◆ What to produce: Up to and including the line that holds "中華 舞台 ステージ衣裳", print the data exactly from its first line; do not print the pictures.

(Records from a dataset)
————

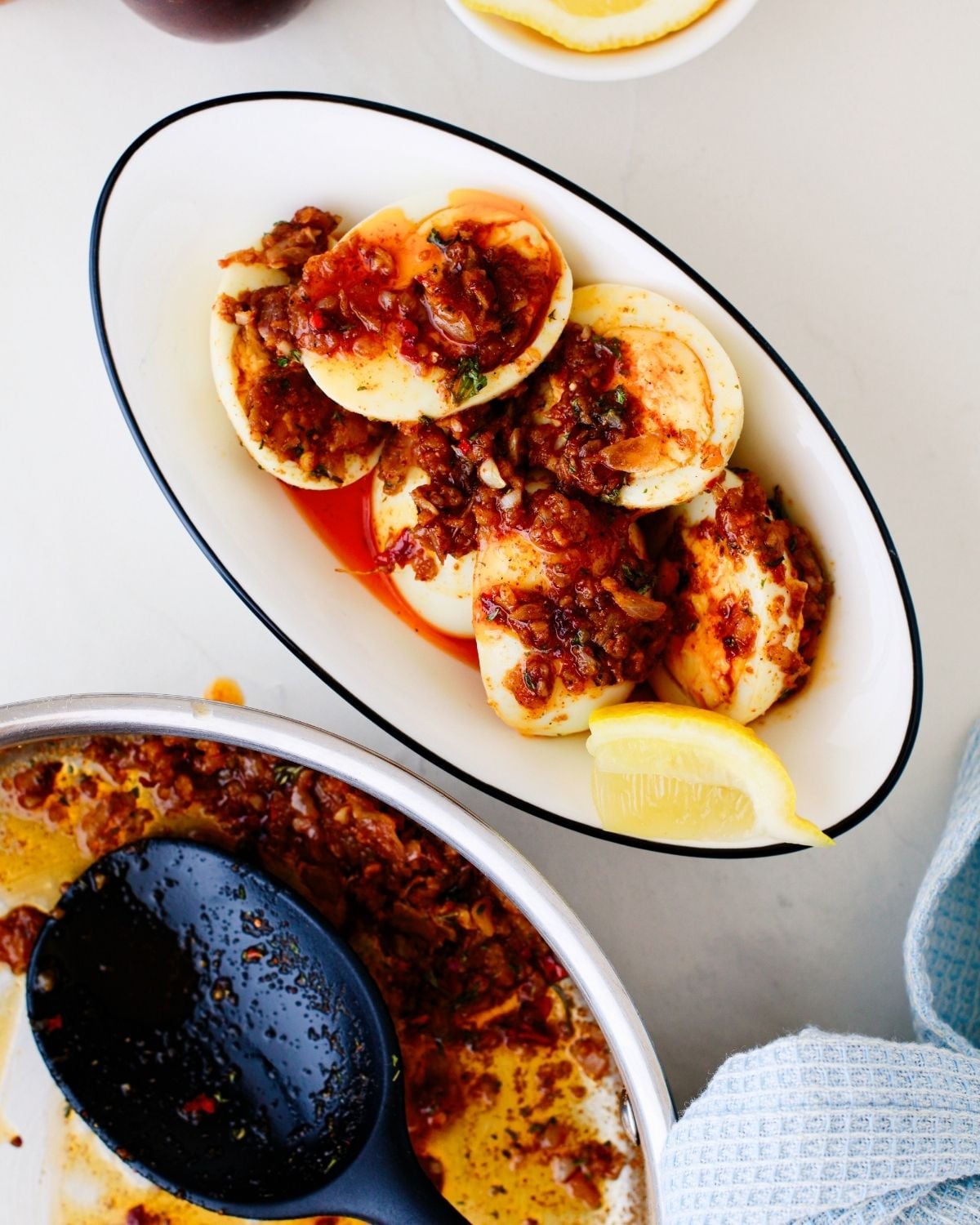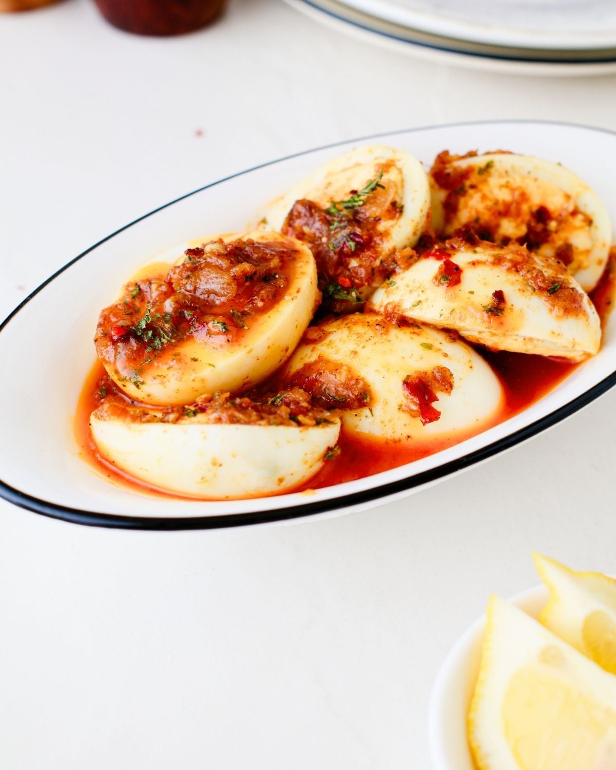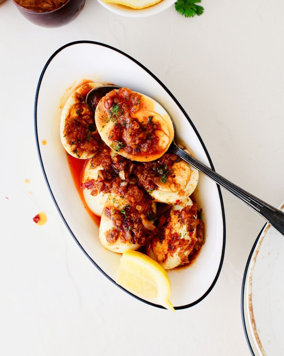 Enjoy this spicy Cajun egg boil on its own or pair it as a side to go with any of your mains. I love serving it with jasmine rice or my lemon dill rice to make it a light lunch. You can also serve it with a crusty bread of your choice- perfect to mop up all that delicious sauce.
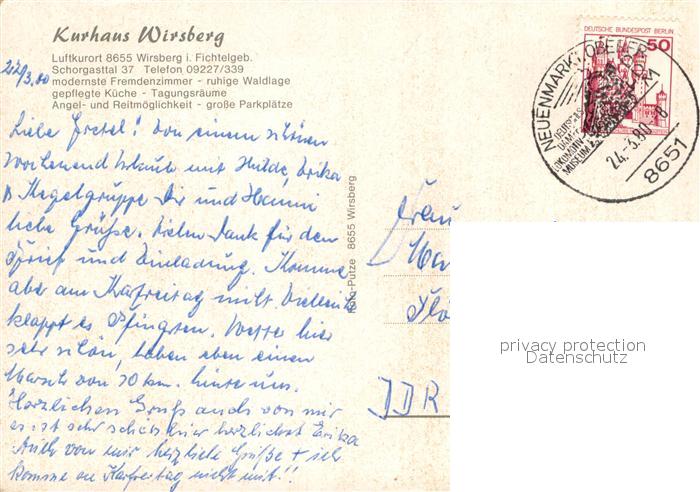73653313 Wirsberg Kulmbach Bayern Kurhaus Wirsberg Terrasse Speisesaal Kaminzimmer Panorama postalisch gelaufen Erhaltung siehe scans [WerneD78] alte Postkarte Wern Katcode 11110009477163
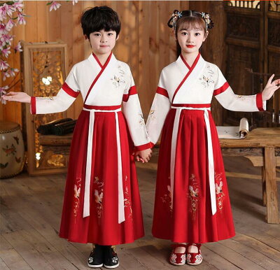 中華 舞台 ステージ衣裳 子供 キッズ 中華服 ユニセックス ジュニア 女の子 男の子 チャイナ服 漢服 唐装 中国風コスプレ衣装 学園祭 イベンド カンフーウェア 中国 古代 時代劇 コスチューム 仮装 変装 セットアップ お遊戯会 団体 お揃い 衣装 レッド ネイビー 110-180cm
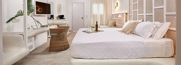 Installé sur la pointe sud de l'île, le Petri Suites Santorini ouvre ses portes à quelques pas de la célèbre plage de Perivolos. Accroché sur les hauteurs du village, ce resort à l'architecture typiquement cycladique met à votre disposition ses 30 suites et maisonnettes modernes et élégantes. Durant votre séjour à Santorin, vous ferez rimer vacances avec gourmandise et détente, en goûtant le petit déjeuner servi chaque matin sous forme de buffet au bord de la piscine dominant la mer Égée.
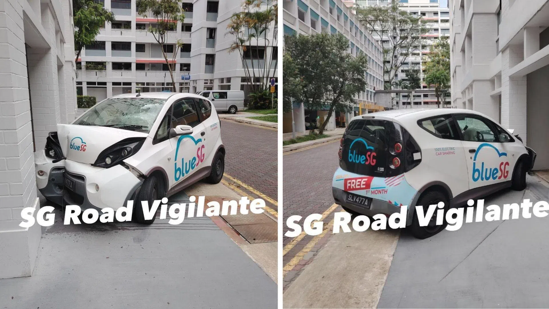 In pictures of the accident uploaded to the SGRV Front Man Facebook group, the BlueSG car can be seen stationary on a pavement under the HDB flat. The car's bonnet and bumper appear to be badly damaged.
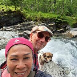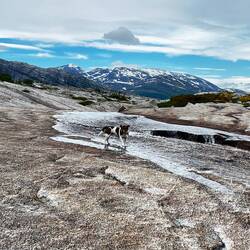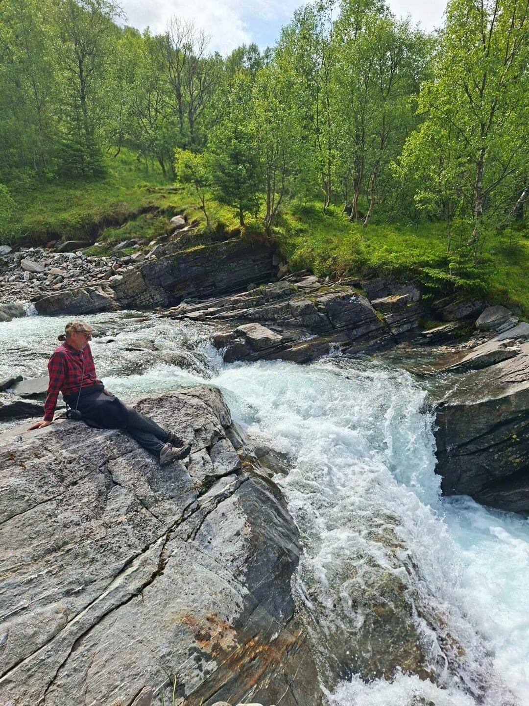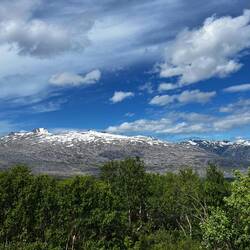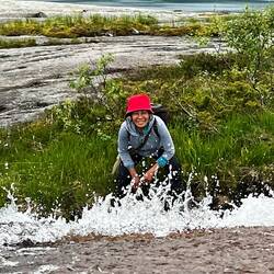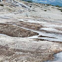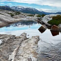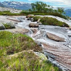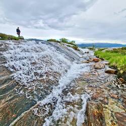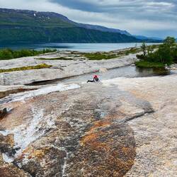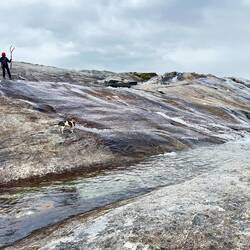 Weiter gehts auf der Kystriksveien an der Helgelandküste, wunderbare, vom Gletscher geschliffene Felslandschaft, leider hat das Wetter umgeschlagen und Starkregen hat uns in den Bus verbannt

————

◆ Expected answer:
 Enjoy this spicy Cajun egg boil on its own or pair it as a side to go with any of your mains. I love serving it with jasmine rice or my lemon dill rice to make it a light lunch. You can also serve it with a crusty bread of your choice- perfect to mop up all that delicious sauce.
73653313 Wirsberg Kulmbach Bayern Kurhaus Wirsberg Terrasse Speisesaal Kaminzimmer Panorama postalisch gelaufen Erhaltung siehe scans [WerneD78] alte Postkarte Wern Katcode 11110009477163
 中華 舞台 ステージ衣裳 子供 キッズ 中華服 ユニセックス ジュニア 女の子 男の子 チャイナ服 漢服 唐装 中国風コスプレ衣装 学園祭 イベンド カンフーウェア 中国 古代 時代劇 コスチューム 仮装 変装 セットアップ お遊戯会 団体 お揃い 衣装 レッド ネイビー 110-180cm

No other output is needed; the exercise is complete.